The concept comes from Vilfredo Pareto, an Italian economist writing at the end of the 19th century. In his Manuale di economia politica (1906), Pareto defined what he called an optimum (now called a Pareto optimum): an allocation such that no further improvement is possible in any dimension without degrading at least one other dimension. Around any such optimum, you can draw the set of all such optimal points: the Pareto frontier⁴. Every point on the frontier is, in some sense, “the best you can do” given a particular trade-off; what is unambiguously bad is any point below the frontier, because you could move towards the frontier without giving anything up.

The idea is simple, and its power is that it works for any set of dimensions, in any domain.
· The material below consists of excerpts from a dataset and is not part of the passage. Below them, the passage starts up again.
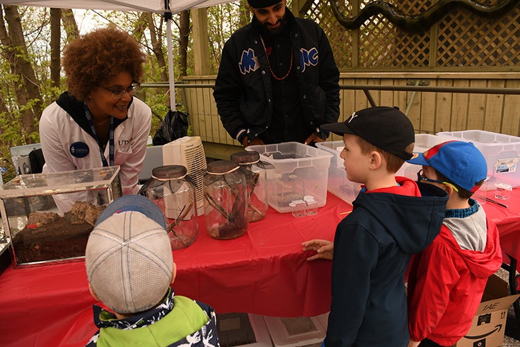 At the University of Toronto Scarborough, young visitors learned about spiders from Maydianne Andrade (left), a professor of biological sciences and Canada Research Chair in Integrative Behavioural Ecology (photo by Sara Weales).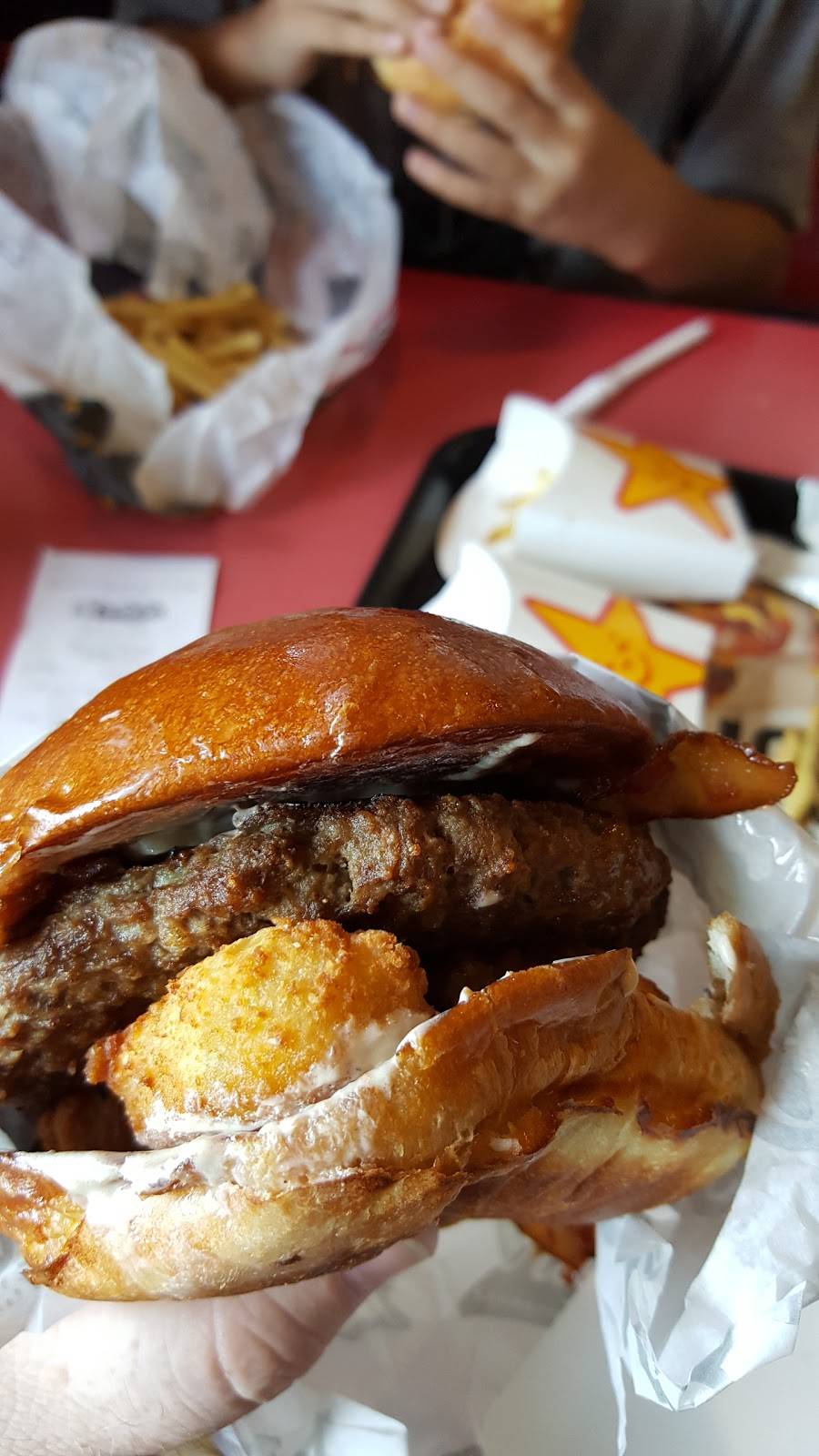 How far would you drive for fresh Biscuits & Gravy? Well, for us about 25+ miles. This is the best Carls Jr, its clean, great location, easy access off I-35 too! They now have a vegan burger too, if your into that sort of thing!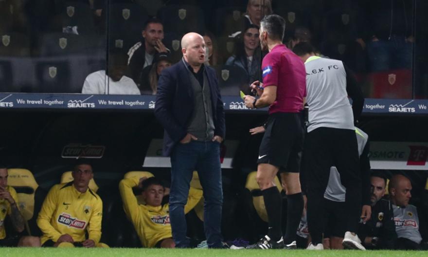 Στη συνέχεια, σχολίασε τη διαιτησία του αγώνα, τονίζοντας χαρακτηριστικά πως: «Μεγαλώνει και απογειώνει τη νίκη το γεγονός ότι ήρθε κόντρα σε εμετική διαιτησία. Συγκλονιστικά κακή διαιτησία, προκάλεσε τον κόσμο της ΑΕΚ και χάρισε τουλάχιστον 6 κάρτες στον Παναιτωλικό. Δεν ξέρω πώς θα μπορεί να κερδίζει στο μέλλον με τέτοιες διαιτησίες».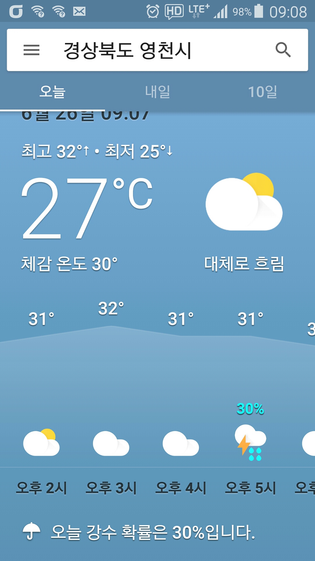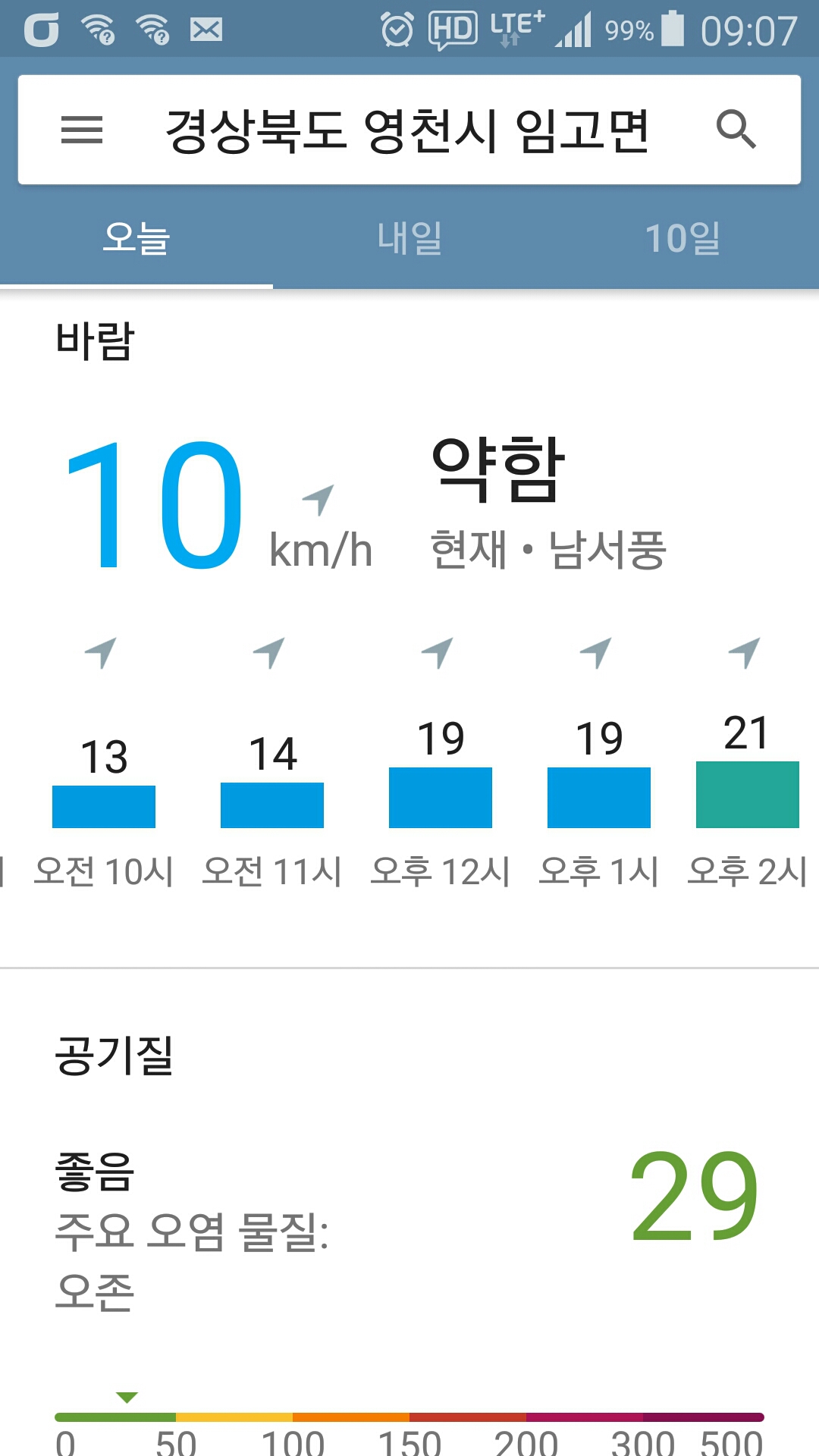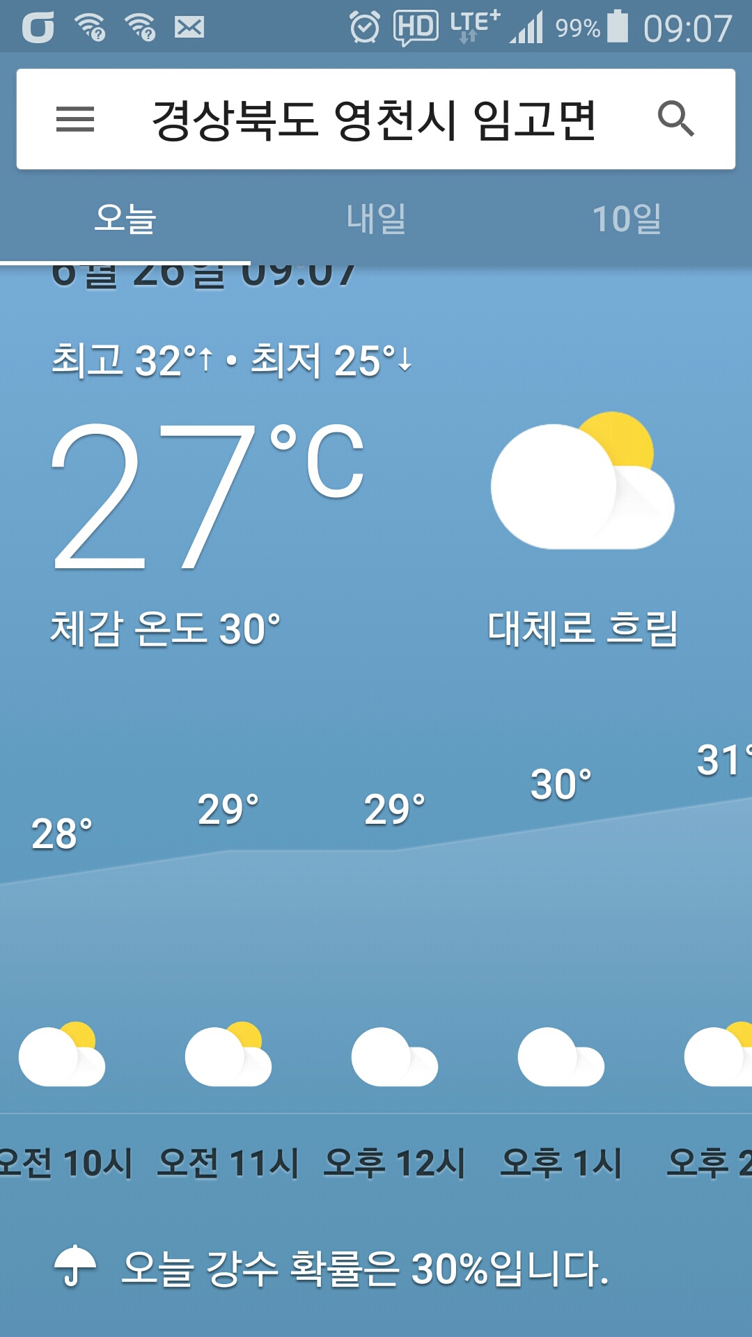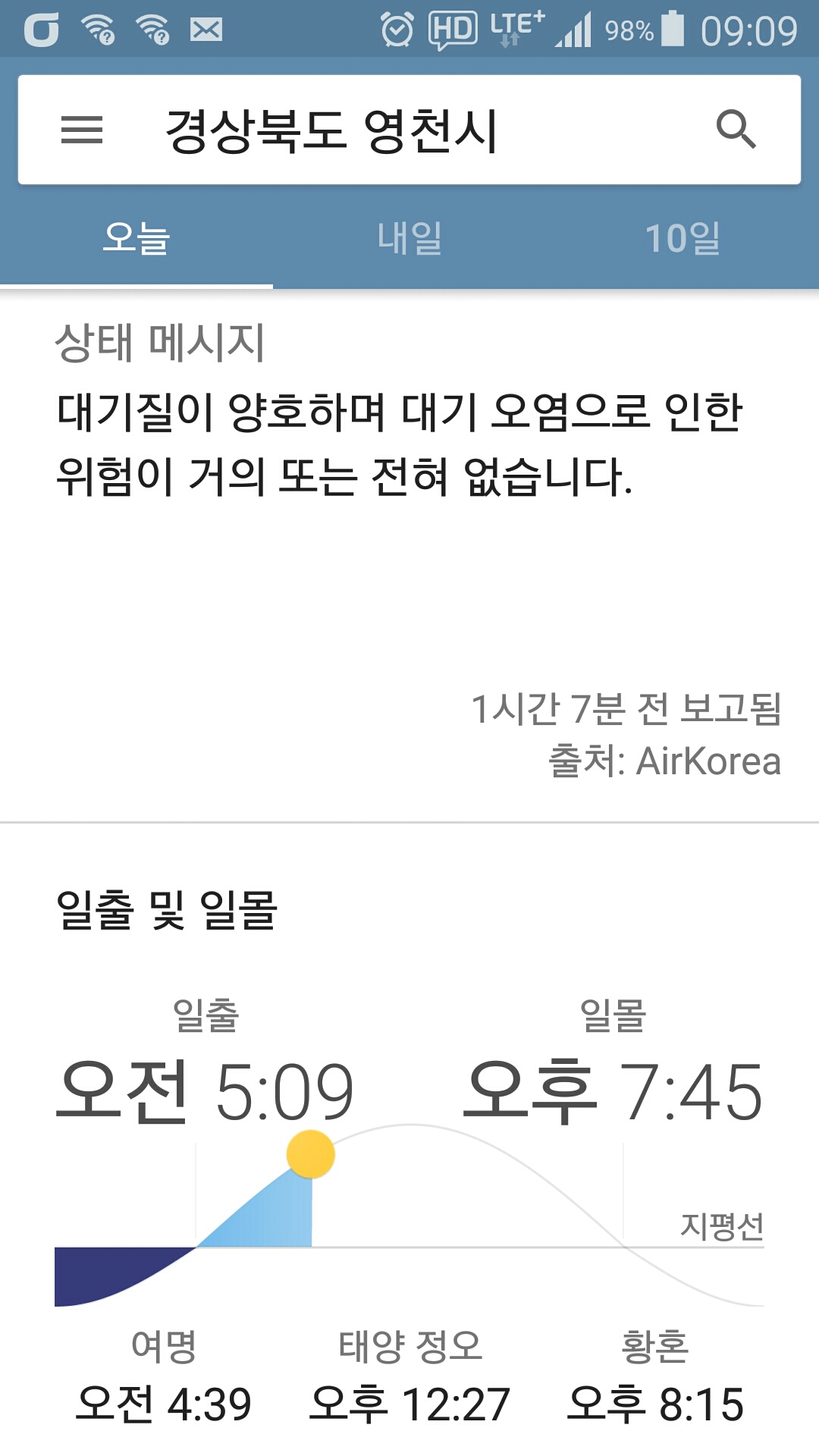 - 기상 : 28˚ ~ 32˚, 습도 ?%, 바람 13~21(약함), 공기질 29(좋음), 일몰 19시45분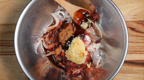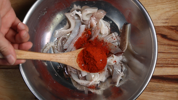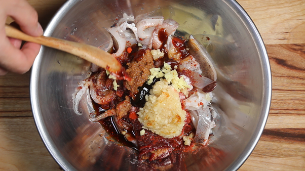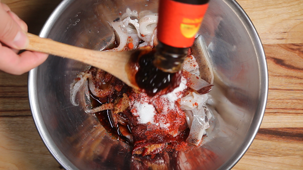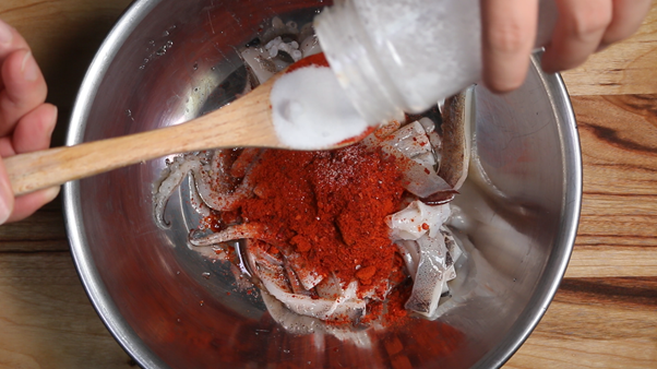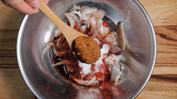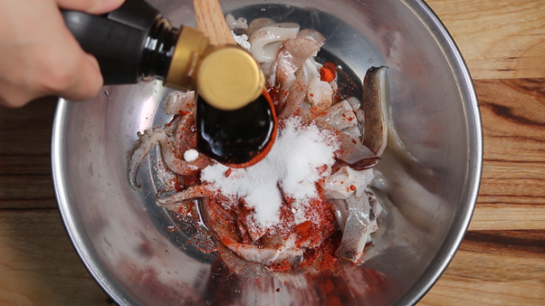3. 자른 오징어를 볼에 담고 아래의 재료를 넣고 잘 버무려 잠시 재워둔다.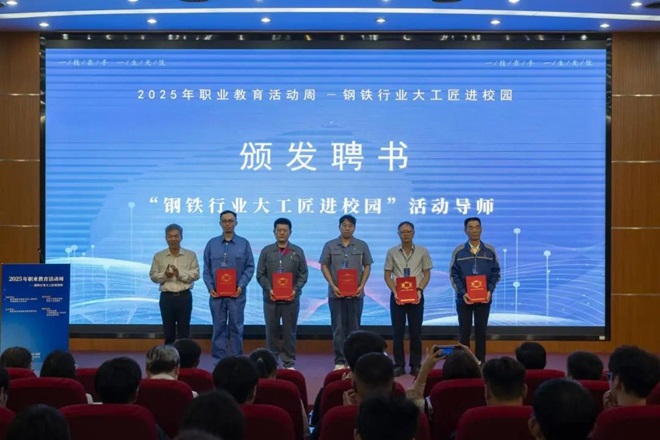 會上,李子高、榮彥明、唐笑宇、卜維平、郝軍強五位技能大師獲頒“鋼鐵行業大工匠進校園”活動導師聘書。隨后,五位導師分享了自身用工匠精神“澆灌”技能成才的心路歷程,并與在場的學生進行了互動交流。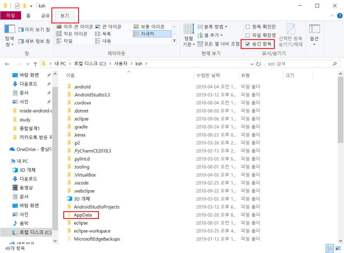 그 다음, 보기 탭을 눌러 숨긴항목을 체크해준다. 그러면 아래와 같이 AppData Folder를 찾을 수 있다.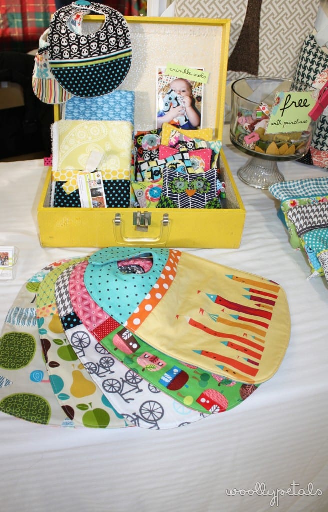 In the middle here I have the baby stuff, burp cloth sets & crinkle owls in the suitcase, big kid bibs on the table, and drool bibs hanging on the suitcase.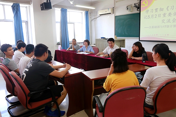 会议现场 活动包括两大主题,首先支部书记叶磊老师介绍“牵手”项目及计划开展的工作;第二主题,师生分三组进行了学习习近平总书记5月2日在北京大学重要讲话精神的交流。交流过程中大家谈感受、谈使命、话责任,老师还就同学们提出的一些困惑进行了解答和分享,一个多小时的交流进行的十分热烈,最后每组派一名同学代表进行了交流汇报。同学们围绕习总书记对青年提出的爱国、励志、求真、力行四点希望,表达了肩负使命、刻苦钻研的责任担当以及从现在做起,增强师范生综合素养和能力的决心。  师生交流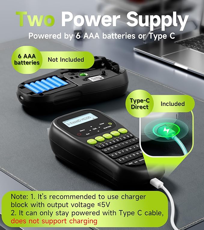 - Environmentally Conscious Labeling : The EazeID H1100 industrial label maker is not only a powerful tool for organization but also an environmentally friendly choice. The label maker uses EazeID Genuine BZ tapes, which are designed to be durable and long-lasting, reducing the need for frequent replacements. These tapes come in acid-free options, ensuring they do not harm your belongings or the environment over time. Additionally, the H1100 model is powered by 6 AAA batteries or an optional Type C cable, allowing you to choose the most sustainable power source based on your usage patterns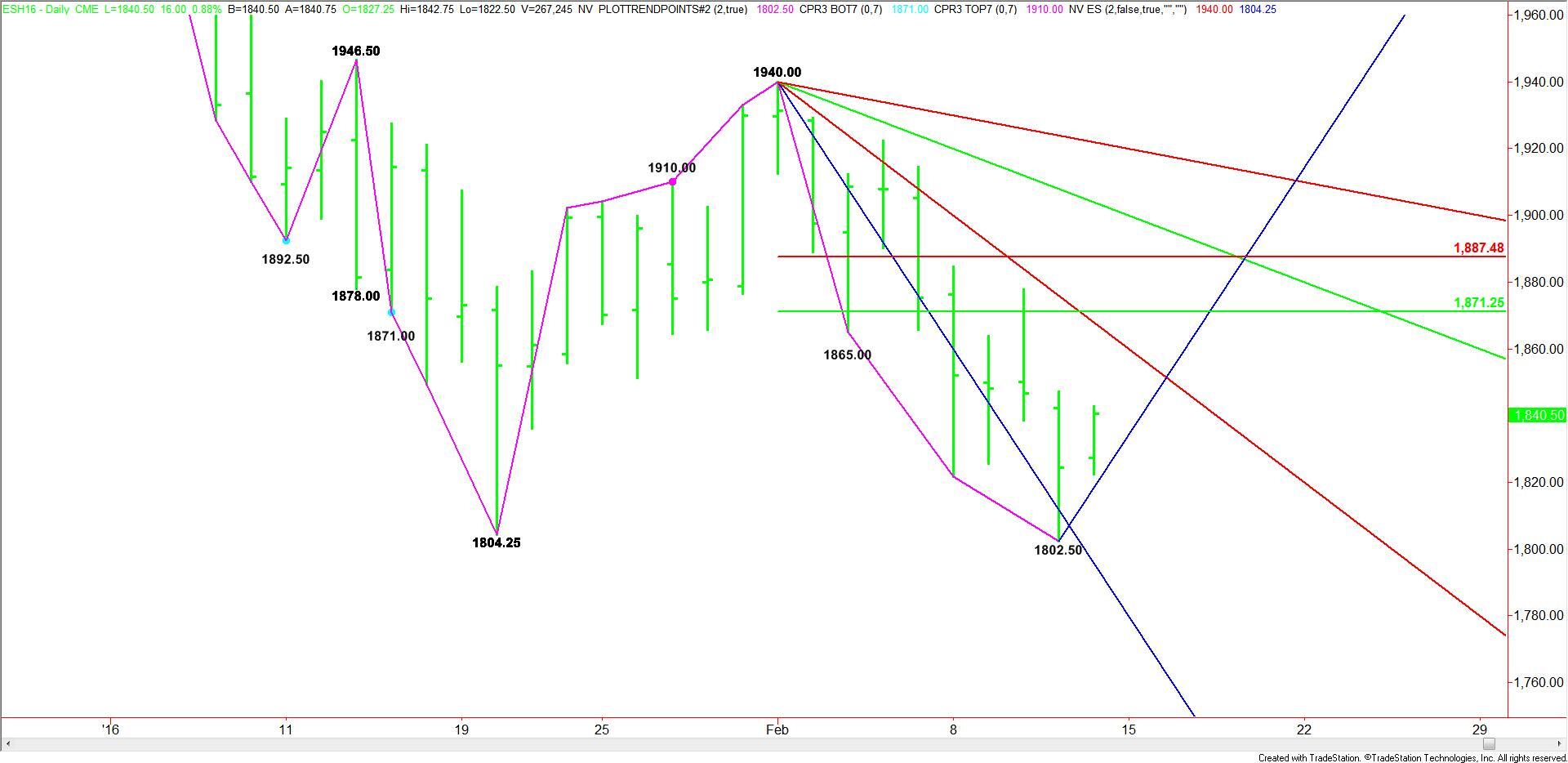 Technically, the main trend is down according to the daily swing chart. Yesterday, the downtrend was reaffirmed when the index traded below the previous bottom at 1804.25. The break stopped at 1802.50. The lack of follow-through to the downside suggests that buyers may have come in after sell stops were hit.

One of the most famous applications is in finance. Harry Markowitz, in his 1952 paper Portfolio Selection, applied the concept to the choice of an investment portfolio. The two dimensions are expected return and risk (measured as the variance of returns). For a given universe of assets, there exists a curve in the return-risk plane that traces all possible efficient portfolios: those for which you cannot increase return without increasing risk, or decrease risk without decreasing return. This is the efficient frontier. It is at the foundation of all modern portfolio theory. Markowitz received the Nobel Prize in 1990 for the work. William Sharpe (Nobel 1990) extended the framework with the Capital Asset Pricing Model in 1964. The vocabulary became canonical in finance, then in economics, then in everything else. Practical consequence everyone has lived with: this is why every financial advisor begins by asking how much risk you are willing to take before recommending anything. The advisor is locating you on the frontier; the recommendation follows.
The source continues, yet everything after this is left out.